The inhibitor was tested as a 6% solution in bearing oil. Steel samples class. 11 were exposed under the conditions of CSN 03 Θ2Ο5 Annex Ol at 40 ° C and 100% humidity. After 30-day exposure the samples were protected inhibitors of the invention Corrosion decreases from 8 to 10 g / ² and j samples protected etandardním inhibitor then drop to 20 g / ² ·, the preservation eamotným oil loss of 80 g / ² and decreases unprotected samples were around

CS 268624 81

120 g / m.

Example 3

Following the procedure of Example 1, a corrosion inhibitor was prepared which consisted of the reaction products of 34 parts by weight, hexadecylamine with octadecylamine 14 parts by weight, mixture obtained by direct aminolysis of rapeseed oil with monoethanolamine in 1 mol ethanolamine: 1 mol fatty parts. acid with an average number of 11.3 carbon atoms in the alkyl chain and parts by weight of oxidized paraffin, which was prepared by oxidation of paraffin with a melting point of 59 ° C so as to have a final acid number of 100 mg KOH / g.

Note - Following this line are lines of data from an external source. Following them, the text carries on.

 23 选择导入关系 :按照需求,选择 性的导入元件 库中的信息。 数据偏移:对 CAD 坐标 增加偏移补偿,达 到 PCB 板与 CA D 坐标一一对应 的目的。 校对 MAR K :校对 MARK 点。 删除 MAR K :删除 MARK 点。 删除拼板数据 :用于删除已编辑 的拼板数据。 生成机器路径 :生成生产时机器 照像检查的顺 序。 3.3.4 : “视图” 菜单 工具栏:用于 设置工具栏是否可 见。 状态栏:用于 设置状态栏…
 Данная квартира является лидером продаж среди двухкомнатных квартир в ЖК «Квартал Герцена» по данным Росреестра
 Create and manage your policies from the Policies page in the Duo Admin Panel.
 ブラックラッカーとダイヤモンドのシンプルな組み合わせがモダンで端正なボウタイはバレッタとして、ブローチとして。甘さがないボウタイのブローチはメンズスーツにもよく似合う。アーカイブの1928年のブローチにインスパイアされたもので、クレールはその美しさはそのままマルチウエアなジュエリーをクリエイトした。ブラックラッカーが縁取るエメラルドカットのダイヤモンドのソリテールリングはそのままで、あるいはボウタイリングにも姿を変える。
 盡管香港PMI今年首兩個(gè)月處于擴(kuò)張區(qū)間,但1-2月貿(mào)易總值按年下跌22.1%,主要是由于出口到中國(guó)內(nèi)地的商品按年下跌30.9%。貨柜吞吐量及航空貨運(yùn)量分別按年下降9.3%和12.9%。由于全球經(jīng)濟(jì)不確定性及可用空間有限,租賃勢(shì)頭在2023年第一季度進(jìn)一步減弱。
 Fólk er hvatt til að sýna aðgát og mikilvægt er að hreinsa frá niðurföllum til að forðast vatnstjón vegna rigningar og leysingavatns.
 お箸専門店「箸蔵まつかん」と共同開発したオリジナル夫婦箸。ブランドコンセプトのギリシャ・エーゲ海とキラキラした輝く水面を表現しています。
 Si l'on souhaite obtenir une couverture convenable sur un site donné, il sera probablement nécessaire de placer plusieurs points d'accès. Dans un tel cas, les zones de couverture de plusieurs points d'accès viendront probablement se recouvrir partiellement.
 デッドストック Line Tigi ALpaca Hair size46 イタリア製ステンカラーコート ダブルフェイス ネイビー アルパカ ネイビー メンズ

The adjuvant inhibitor was evaluated as a 5% solution in bearing oil. After 30 days of epilation, the samples protected by the inhibitor were virtually free of corrosion. Comparative samples protected with a standard inhibitor showed corrosion in 11% of the area and the area of unprotected samples was 100% covered with corrosion products.

Example 4

Following the procedure of Example 1, a corrosion inhibitor was prepared which consisted of a reaction product of 14 parts by weight, technical octadecylamine 10 parts by weight, a mixture obtained by direct aminolysis of a mixture of beef tallow and vegetable oil with monoethanolamine.

parts by weight of alkylbenzenesulfonic acid having an average number of 12 carbon atoms in the alkyl and 54 parts by weight of oxidized paraffin with an acid number of 90 mg KOH / g, which was prepared by oxidation of paraffin with a melting point = 57 ° C.

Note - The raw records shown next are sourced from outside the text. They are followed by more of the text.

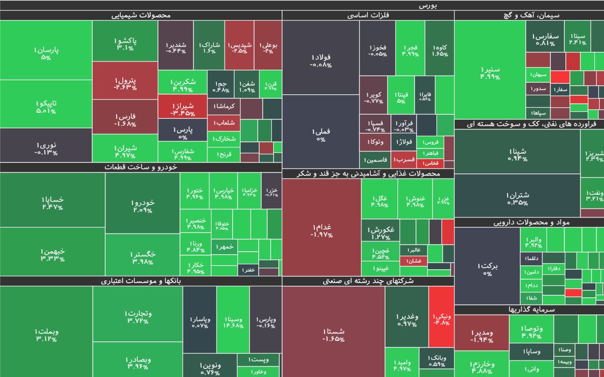 در بازار امروز، بیشترین افزایش قیمت متعلق به نماد اتکام(بیمه اتکایی امین) با ۴۸۲ درصد رشد و پس از آن، نمادهای وسینا، دامین، کرازی و قصفها بود. همچنین نماد معاملاتی قثابت(قند ثابت خراسان) با ۵.۶۶ درصد، بیشترین کاهش قیمت را داشت و پس از آن نیز، نمادهای نمرینو، قنیشا، ونیکی و دروز قرار گرفتند.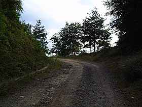 | 約2.1キロ地点まで進むと作業用に造られたと思われる空き地が道の右側に広がっている(写真左と写真中央)。一角には土を盛った小山があり望所的な役割を果たしている。特に素晴らしいというほどではないが、頂上に登ると連なる山々を見ることができる(写真右)。 | ||||||||||||||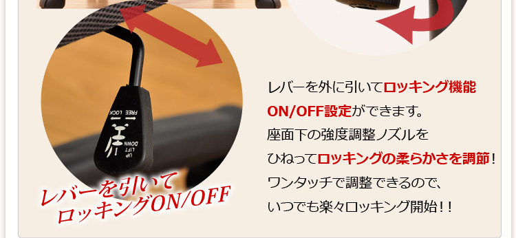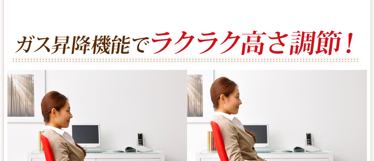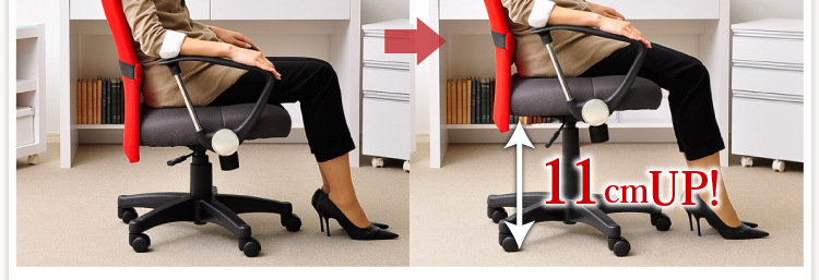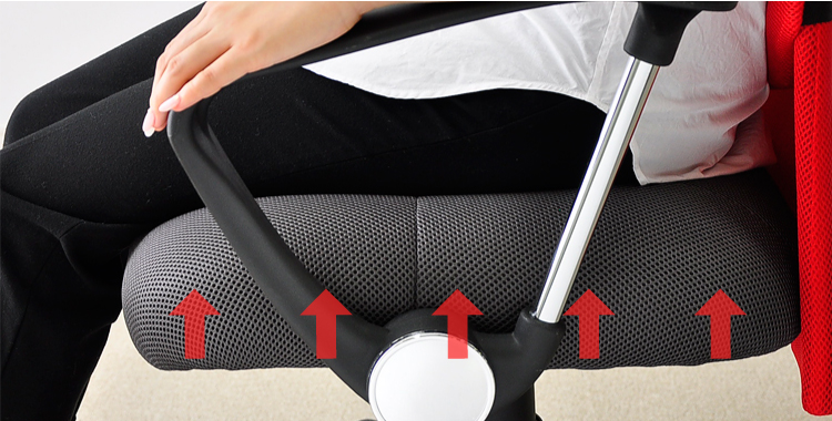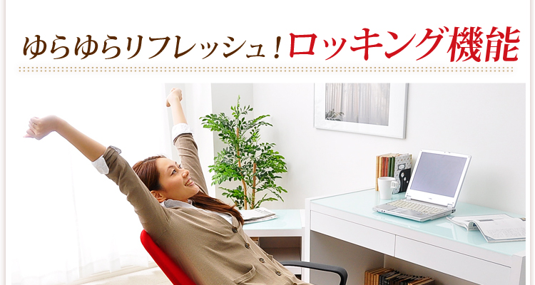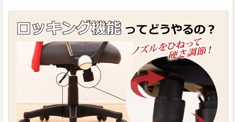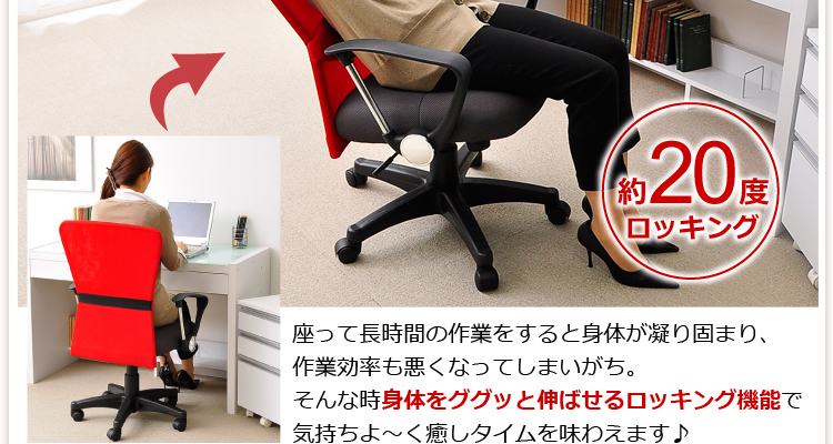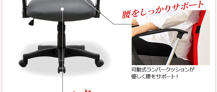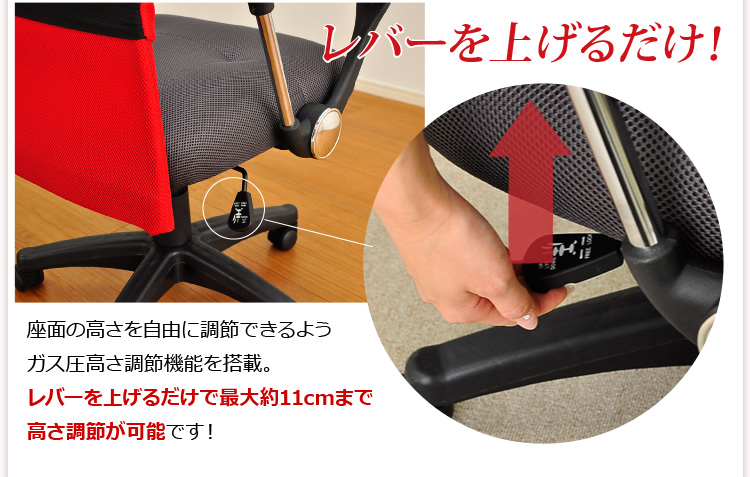 腰や背筋を優しく受け止めてくれる取り外し可能なランバークッション、11cmまで調節できるガス昇降機能、約20度まで身体を伸ばせるロッキング機能と、機能も充実!

The prepared inhibitor was evaluated according to the procedure described in Example 3. After 30 days of exposure, 6% of the protected area was covered with corrosion products, compared to 11% for samples protected with an equally concentrated solution of standard inhibitor or standard inhibitor. 100% of the area covered by corrosion products of oil-protected samples and unprotected samples. ·

Claims (3)

OBJECT OF THE INVENTION Corrosion inhibitor intended in particular for means of temporary protection of metallic materials, characterized in that it consists of a reaction product of 10 to 35 parts by weight of an alkylamine having 12 to 22 carbon atoms and 5 to 40 parts by weight of the product of direct aminolysis of natural fats such as sunflower oil, rapeseed oil, palm kernel oil, coconut fat or animal fats with 15 to 45 parts by weight of alkylbenzenesulfonic acid with an average alkyl length and C 1-4 alkyl 8 to 55 parts by weight of oxidized paraffin with an acid number of 60 to 180 mg KOH / g, the melting point of the starting paraffin is between 48 and 62 ° C.